DIRECTIONS: With the images excluded, set down every line of the listing below exactly.

----------------------------------------

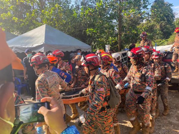 BATANG KALI, 24 DIS: Mayat terakhir mangsa tragedi tanah runtuh di tapak perkhemahan Father’s Organic Farm, Gohtong Jaya di sini, ditemukan anggota operasi mencari dan menyelamat (SAR), petang ini.
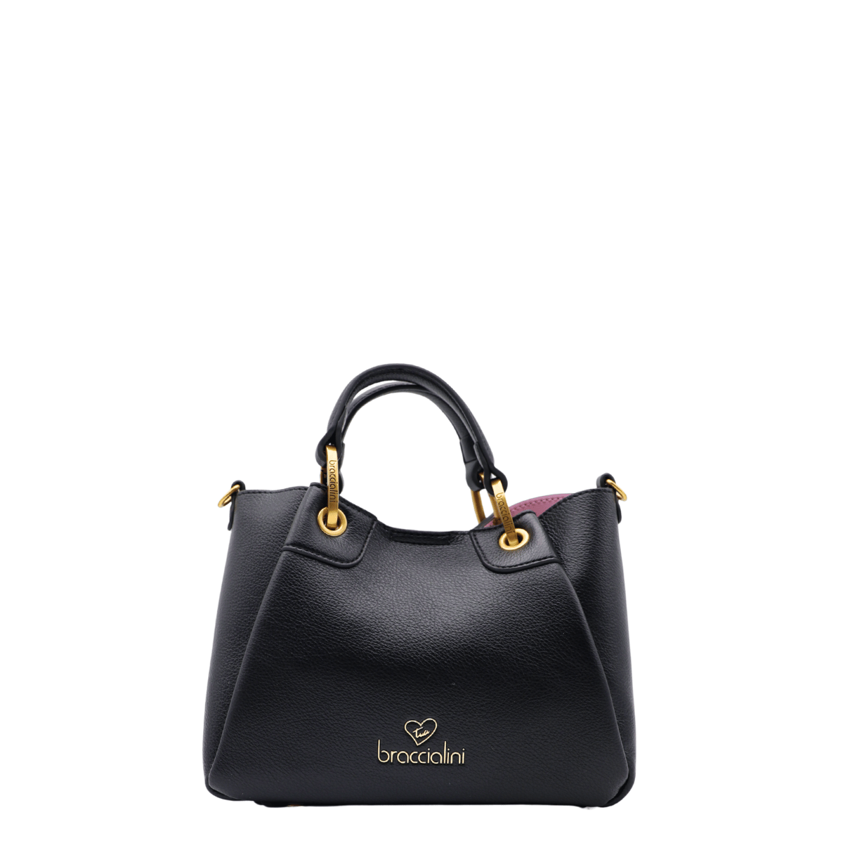 Borsa a mano di BRACCIALINI modello AMY realizzata in morbida ecopelle granata. Presenta un unico ampio scomparto, taschine interne e interno foderato in tessuto, pochette interna. Dotata di tracolla regolabile e removibile, presenta piedini. Chiusura con patta magnetica.
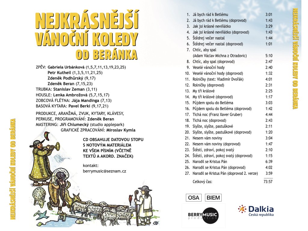 2CD výukové: Nejkrásnější KOLEDY a LIDOVKY od Beránka (mp3+KARAOKE+zpěvník) / EDU Premium 30+ licence
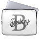 Funda Para Portátil Moderno y elegante nombre de monograma guión gris
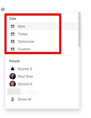 In FuseBase, you can insert a date / time into document body. To insert a date in a document , you need to press @ and select the needed value in Date: today, tomorrow and custom value.

----------------------------------------

RESPONSE TO THE EXERCISE:
 BATANG KALI, 24 DIS: Mayat terakhir mangsa tragedi tanah runtuh di tapak perkhemahan Father’s Organic Farm, Gohtong Jaya di sini, ditemukan anggota operasi mencari dan menyelamat (SAR), petang ini.
 Borsa a mano di BRACCIALINI modello AMY realizzata in morbida ecopelle granata. Presenta un unico ampio scomparto, taschine interne e interno foderato in tessuto, pochette interna. Dotata di tracolla regolabile e removibile, presenta piedini. Chiusura con patta magnetica.
 2CD výukové: Nejkrásnější KOLEDY a LIDOVKY od Beránka (mp3+KARAOKE+zpěvník) / EDU Premium 30+ licence
 Funda Para Portátil Moderno y elegante nombre de monograma guión gris
 In FuseBase, you can insert a date / time into document body. To insert a date in a document , you need to press @ and select the needed value in Date: today, tomorrow and custom value.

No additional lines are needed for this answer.